→ Work instruction: Every line of the data should be written out exactly, with the pictures left out.

→ Input data:
□ □ □
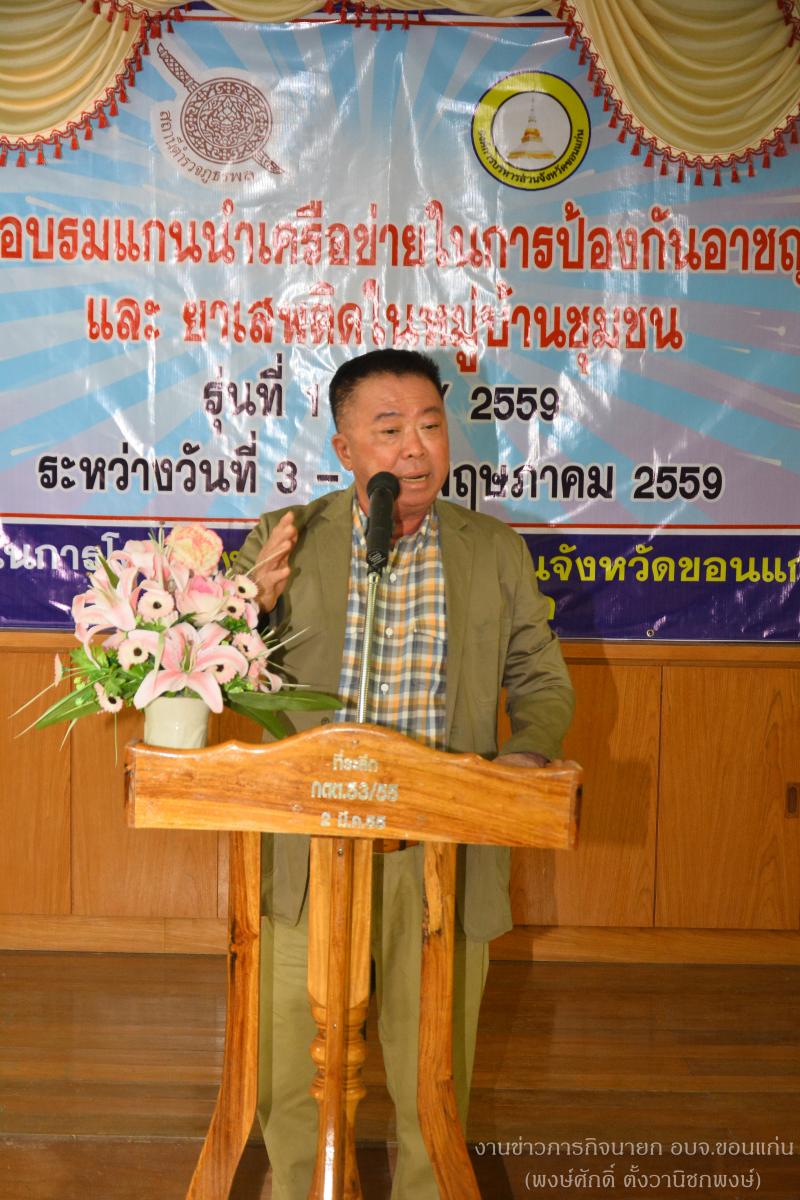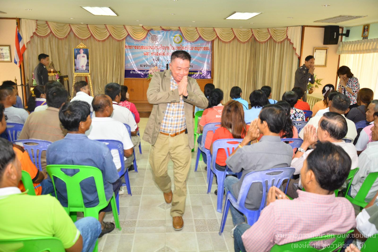 ดร.พงษ์ศักดิ์ ตั้งวานิชกพงษ์ นายกองค์การบริหารส่วนจังหวัดขอนแก่น เป็นประธานเปิดการอบรมโครงการอบรมแกนนำเครือข่ายในการป้องกันอาชญากรรม และยาเสพติดในหมู่บ้านชุมชน รุ่นที่ 1 ประจำปี 2559 ณ  สถานีตำรวจภูธรพล อ.พล จ.ขอนแก่น โดยมีนายคงฤทธิ์ อัศวพัฒนากูล  ส.อบจ.ขอนแก่น  เขต อ.พล เข้าร่วมในพิธี
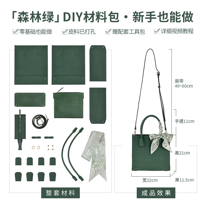 • 포레스트 그린★재료 패키지★리얼 소가죽★무료 튜토리얼 비디오 + 툴킷
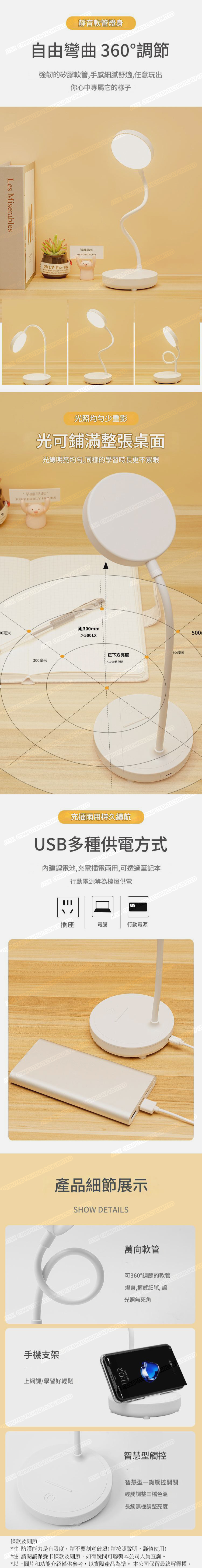 韓國JK 新款LED護眼充電式手機支架學生兒童學習臥室宿舍應急燈檯燈
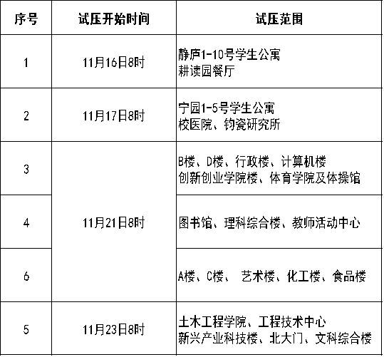 5.学生公寓楼群试压期间,各学院要通知本院学生,宿舍内务必留人观察,避免因漏水造成损失。
□ □ □
→ Solution to this exercise:
 ดร.พงษ์ศักดิ์ ตั้งวานิชกพงษ์ นายกองค์การบริหารส่วนจังหวัดขอนแก่น เป็นประธานเปิดการอบรมโครงการอบรมแกนนำเครือข่ายในการป้องกันอาชญากรรม และยาเสพติดในหมู่บ้านชุมชน รุ่นที่ 1 ประจำปี 2559 ณ  สถานีตำรวจภูธรพล อ.พล จ.ขอนแก่น โดยมีนายคงฤทธิ์ อัศวพัฒนากูล  ส.อบจ.ขอนแก่น  เขต อ.พล เข้าร่วมในพิธี
 • 포레스트 그린★재료 패키지★리얼 소가죽★무료 튜토리얼 비디오 + 툴킷
 韓國JK 新款LED護眼充電式手機支架學生兒童學習臥室宿舍應急燈檯燈
 5.学生公寓楼群试压期间,各学院要通知本院学生,宿舍内务必留人观察,避免因漏水造成损失。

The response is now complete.